* _Records drawn from a dataset_:
┄┄┄┄┄┄┄┄┄┄┄┄┄┄┄┄┄┄┄┄

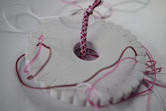 Prendiamo il coperchio di un barattolo come modello per tracciare un cerchio (di 11 cm diametro), poi ritagliamo il cerchio. Al centro tracciamo un cerchietto di 2cm diametro per creare un foro. Facciamo dei tagli con le forbici in corrispondenza dei quattro punti cardinali e poi altri 4 tagli tra quelli fatti, poi altri 8 e ancora, fino ad avere 32 tagli a disposizione sul telaio. Partiamo da un tutorial base usando solo 8 tagli e fili da ricamo: sarà divertente per fare un po’ di pratica prima di imbarcarci in modelli e lavori più complessi. Poi non resta che infilare i fili e intrecciare. È possibile numerare i tagli (da 1 a 32) soprattutto se dobbiamo seguire un modello particolarmente complesso. Sul web trovimo svariati schemi di differenti livelli di difficoltà.
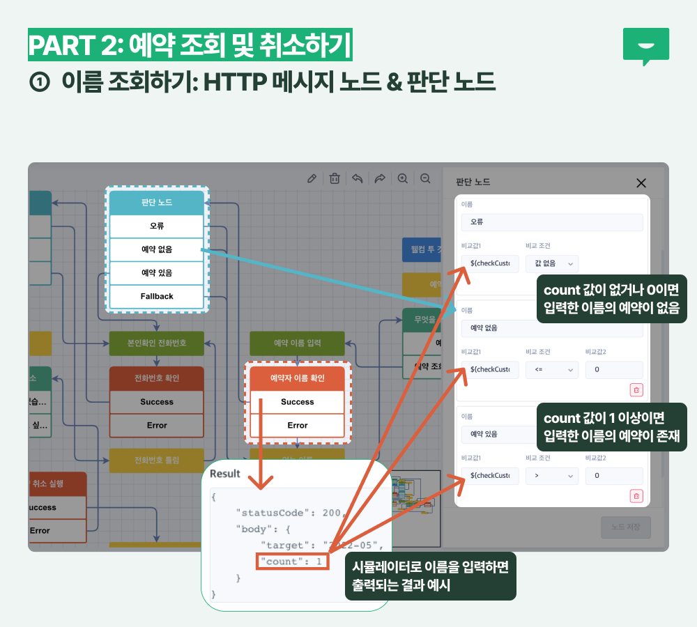 ② 전화번호 조회하기: HTTP 메시지 노드 & 판단 노드
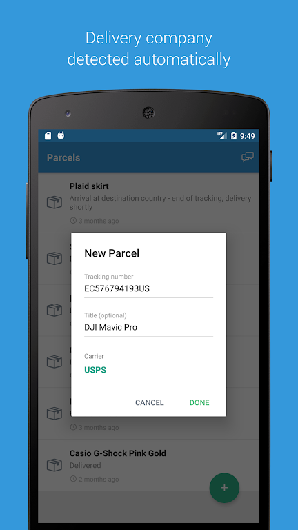 Parcels Premium to wonder where your packages are. The app’s intuitive design will make switching between carriers easier than ever before, greatly improving your tracking experience.DELIVERY COMPANY DETECTED AUTOMATICALLYUsing this app, you no longer have to enter tracking numbers manually. The app employs several complex algorithms to determine which delivery service is responsible for your package. This state-of-the-art software will save you time and prevent errors when entering tracking information. Putting as little effort as possible into building the app is not only a waste of time but also a waste of the user’s experience. Enjoy peace of mind knowing that your packages will always be within easy reach with “Parcels,” an app that does all the hard work for you.TRACK ALL YOUR PACKAGES FROM CHINAMore and more international markets have made it simpler to get goods from all around the world, incl
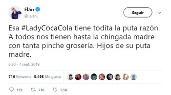 "No va con Coca Cola. De verdad a los directivos les quiero decir que qué humillación que su marca se transgreda a algo tan corriente y tan bajo como lo que estamos viendo ahora", condenó.
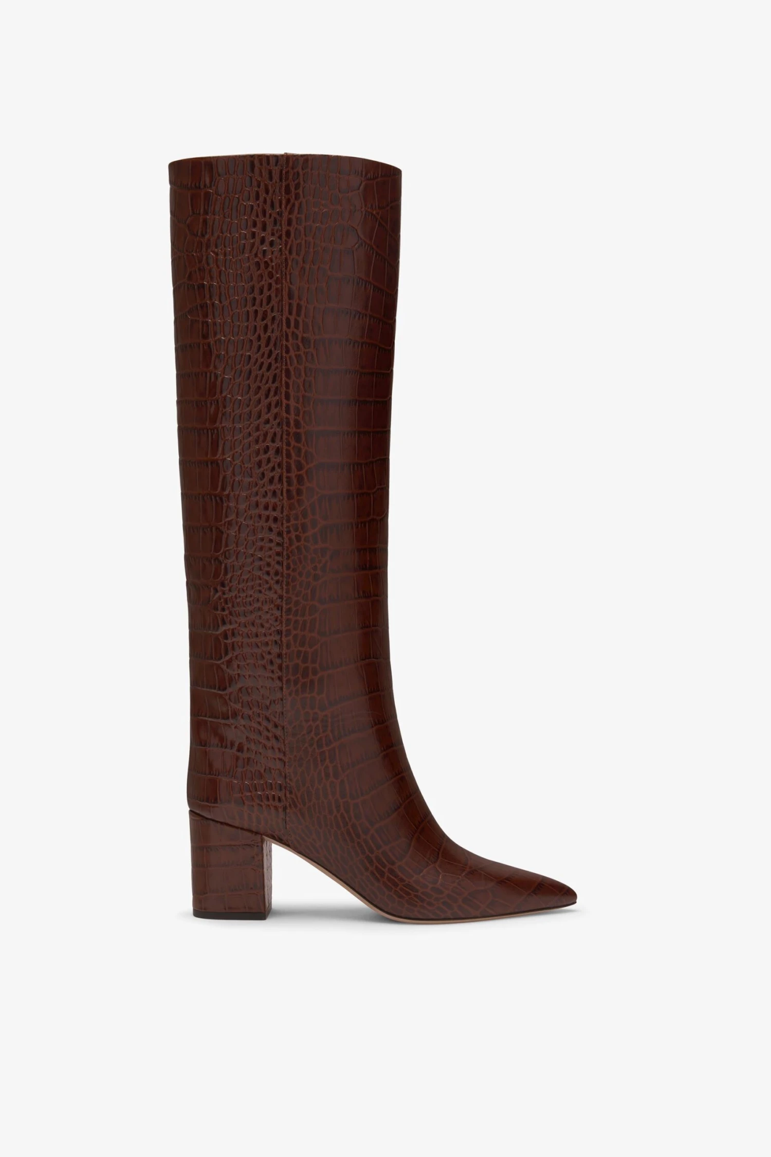 Anja knee-high boot with pointed toe and chunky 70 mm heel. Crafted in chocolate brown croc-effect leather.

┄┄┄┄┄┄┄┄┄┄┄┄┄┄┄┄┄┄┄┄

* _Prompt_: Quote only what lies between the first line of the records and the line containing "② 전화번호 조회하기: HTTP 메시지 노드 & 판단 노드", please, including both lines and excluding images.

* _Response for this exercise_:
 Prendiamo il coperchio di un barattolo come modello per tracciare un cerchio (di 11 cm diametro), poi ritagliamo il cerchio. Al centro tracciamo un cerchietto di 2cm diametro per creare un foro. Facciamo dei tagli con le forbici in corrispondenza dei quattro punti cardinali e poi altri 4 tagli tra quelli fatti, poi altri 8 e ancora, fino ad avere 32 tagli a disposizione sul telaio. Partiamo da un tutorial base usando solo 8 tagli e fili da ricamo: sarà divertente per fare un po’ di pratica prima di imbarcarci in modelli e lavori più complessi. Poi non resta che infilare i fili e intrecciare. È possibile numerare i tagli (da 1 a 32) soprattutto se dobbiamo seguire un modello particolarmente complesso. Sul web trovimo svariati schemi di differenti livelli di difficoltà.
 ② 전화번호 조회하기: HTTP 메시지 노드 & 판단 노드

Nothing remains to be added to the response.